____ Input data

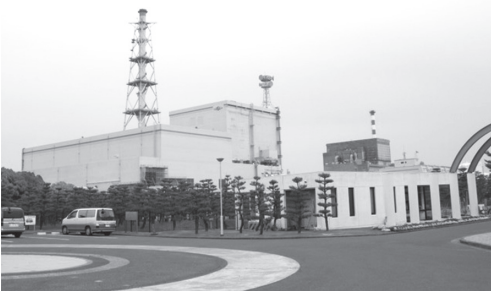
東海第二原発
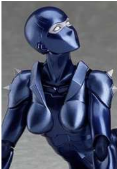
figma COBRA THE SPACE PIRATE レディ (ノンスケール ABS&PVC 塗装済み可動フィギュア)

20 立派な細工だなあ あと数百年は見れるように大事に所持してほしいもんだ オランダ行くときは見に行きたいね
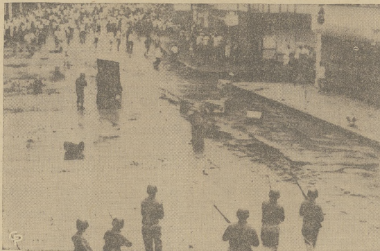
Podczas rozruchów studentów w Panamie, policja oczekiwiała z bronią w pogotowiu, przed sklepami, obrabowanymi przez buntowników, którzy zrobili zamieszanie w całym mieście.
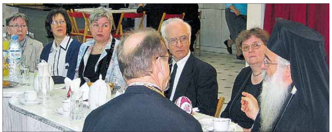
Kreikan pyhiinvaeltajat matkan päätösaterialla Pireuksen seurakunnassaa

Pyhiinvaellusmatkat suuntau- tuvat pääsääntöisesti luostareihin. Toki ohjelmaan on hyvä sisällyttää muutakin aktiviteettia. Voidaan käydä tutustumassa toisten seur- akuntien kirkkoihin, hautausmaihin, sopii katsella myös museoita ja näyttelyjä, ehkä joku konsertti tai teatteriesitys osuu sopivasti matkan varrelle. Kenties käynti kylpylässä parantelee kipeytyneitä jäseniä ja auttaa entistä virkeämpänä seisomaan myös jumalanpalveluksissa. Keskeisintä on kuitenkin se, että kun lähdemme liikkeelle uskovan kan- sana, niin ohjelmaan sisältyy myös jumalanpalveluksia ja hengellisiä
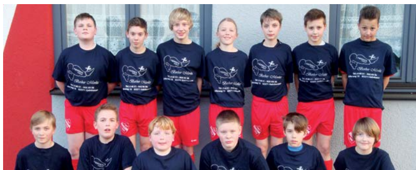
Die Jugendabteilung des TSV 08 Kassel e. V. wird durch die V.I.P.-Karten unterstützt.

Die Inhalte dieses Artikels wurden der VR Bank Main-Kinzig-Büdingen eG von dem Verein zur Veröffentlichung überlassen. Für die Richtigkeit, Vollständigkeit und Aktualität der Inhalte können wir keine Gewähr übernehmen.
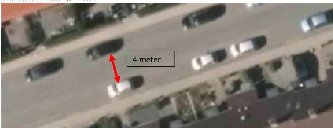
Figur: korrekt fribredde.

Tilkørselsvejen skal være mindst 4 meter i fribredden, det vil sige, at når der er parkeret biler, skal der mindst være 4 meter i bredden, mellem de parkerede biler, og frihøjden under grene og lignende hindringer skal være mindst 4,5 meter.
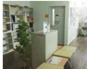
キャリアセンター豊中キャンパス

キャリアセンターでは、1回あたり40分以内での個別相談を行っており、「進路・就職相談予約システム（ https://cs-web.osaka-u.ac.jp/soudan/student/ ）」にて予約することができます。キャリアのことでSOGIに関する不安や悩みを相談したいときは、1人で抱え込むことなく、一度キャリアセンター（ cs-stu@ml.office.osaka-u.ac.jp ）へ連絡してください。研修等を受講した、または実際に対応経験のあるアドバイザーを紹介することができます。多様なセクシュアリティがあることを前提に、一人ひとりが力を発揮できるよう、本学は支援します。
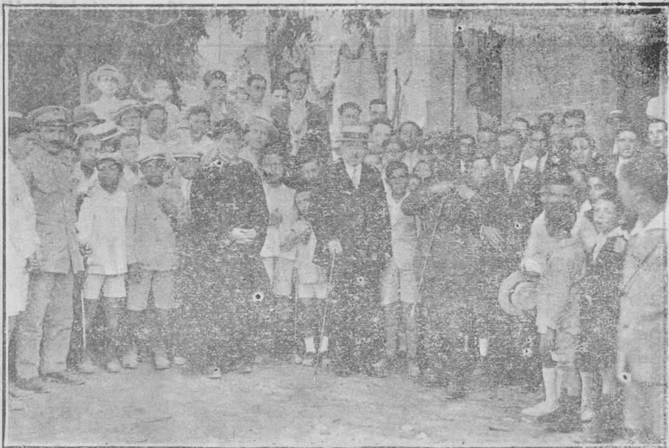
Llegada de las autoridades al «Centro de la Unión»

paces de oponer el pecho a quince mil soldados turcos desde el 2 hasta el 9 de Julio del año 1558, muy bien merecían el tributo de nuestras plegarias y de nuestros entusiasmos, y no les regatearon ni lo uno ni lo otro los entusiastas Antiguos Alumnos Salesianos.

________

▸ Prompt:
Verbatim copy with pictures excluded: write out the records above in full.

▸ Answer to this exercise:
東海第二原発
figma COBRA THE SPACE PIRATE レディ (ノンスケール ABS&PVC 塗装済み可動フィギュア)

20 立派な細工だなあ あと数百年は見れるように大事に所持してほしいもんだ オランダ行くときは見に行きたいね
Podczas rozruchów studentów w Panamie, policja oczekiwiała z bronią w pogotowiu, przed sklepami, obrabowanymi przez buntowników, którzy zrobili zamieszanie w całym mieście.
Kreikan pyhiinvaeltajat matkan päätösaterialla Pireuksen seurakunnassaa

Pyhiinvaellusmatkat suuntau- tuvat pääsääntöisesti luostareihin. Toki ohjelmaan on hyvä sisällyttää muutakin aktiviteettia. Voidaan käydä tutustumassa toisten seur- akuntien kirkkoihin, hautausmaihin, sopii katsella myös museoita ja näyttelyjä, ehkä joku konsertti tai teatteriesitys osuu sopivasti matkan varrelle. Kenties käynti kylpylässä parantelee kipeytyneitä jäseniä ja auttaa entistä virkeämpänä seisomaan myös jumalanpalveluksissa. Keskeisintä on kuitenkin se, että kun lähdemme liikkeelle uskovan kan- sana, niin ohjelmaan sisältyy myös jumalanpalveluksia ja hengellisiä
Die Jugendabteilung des TSV 08 Kassel e. V. wird durch die V.I.P.-Karten unterstützt.

Die Inhalte dieses Artikels wurden der VR Bank Main-Kinzig-Büdingen eG von dem Verein zur Veröffentlichung überlassen. Für die Richtigkeit, Vollständigkeit und Aktualität der Inhalte können wir keine Gewähr übernehmen.
Figur: korrekt fribredde.

Tilkørselsvejen skal være mindst 4 meter i fribredden, det vil sige, at når der er parkeret biler, skal der mindst være 4 meter i bredden, mellem de parkerede biler, og frihøjden under grene og lignende hindringer skal være mindst 4,5 meter.
キャリアセンター豊中キャンパス

キャリアセンターでは、1回あたり40分以内での個別相談を行っており、「進路・就職相談予約システム（ https://cs-web.osaka-u.ac.jp/soudan/student/ ）」にて予約することができます。キャリアのことでSOGIに関する不安や悩みを相談したいときは、1人で抱え込むことなく、一度キャリアセンター（ cs-stu@ml.office.osaka-u.ac.jp ）へ連絡してください。研修等を受講した、または実際に対応経験のあるアドバイザーを紹介することができます。多様なセクシュアリティがあることを前提に、一人ひとりが力を発揮できるよう、本学は支援します。
Llegada de las autoridades al «Centro de la Unión»

paces de oponer el pecho a quince mil soldados turcos desde el 2 hasta el 9 de Julio del año 1558, muy bien merecían el tributo de nuestras plegarias y de nuestros entusiasmos, y no les regatearon ni lo uno ni lo otro los entusiastas Antiguos Alumnos Salesianos.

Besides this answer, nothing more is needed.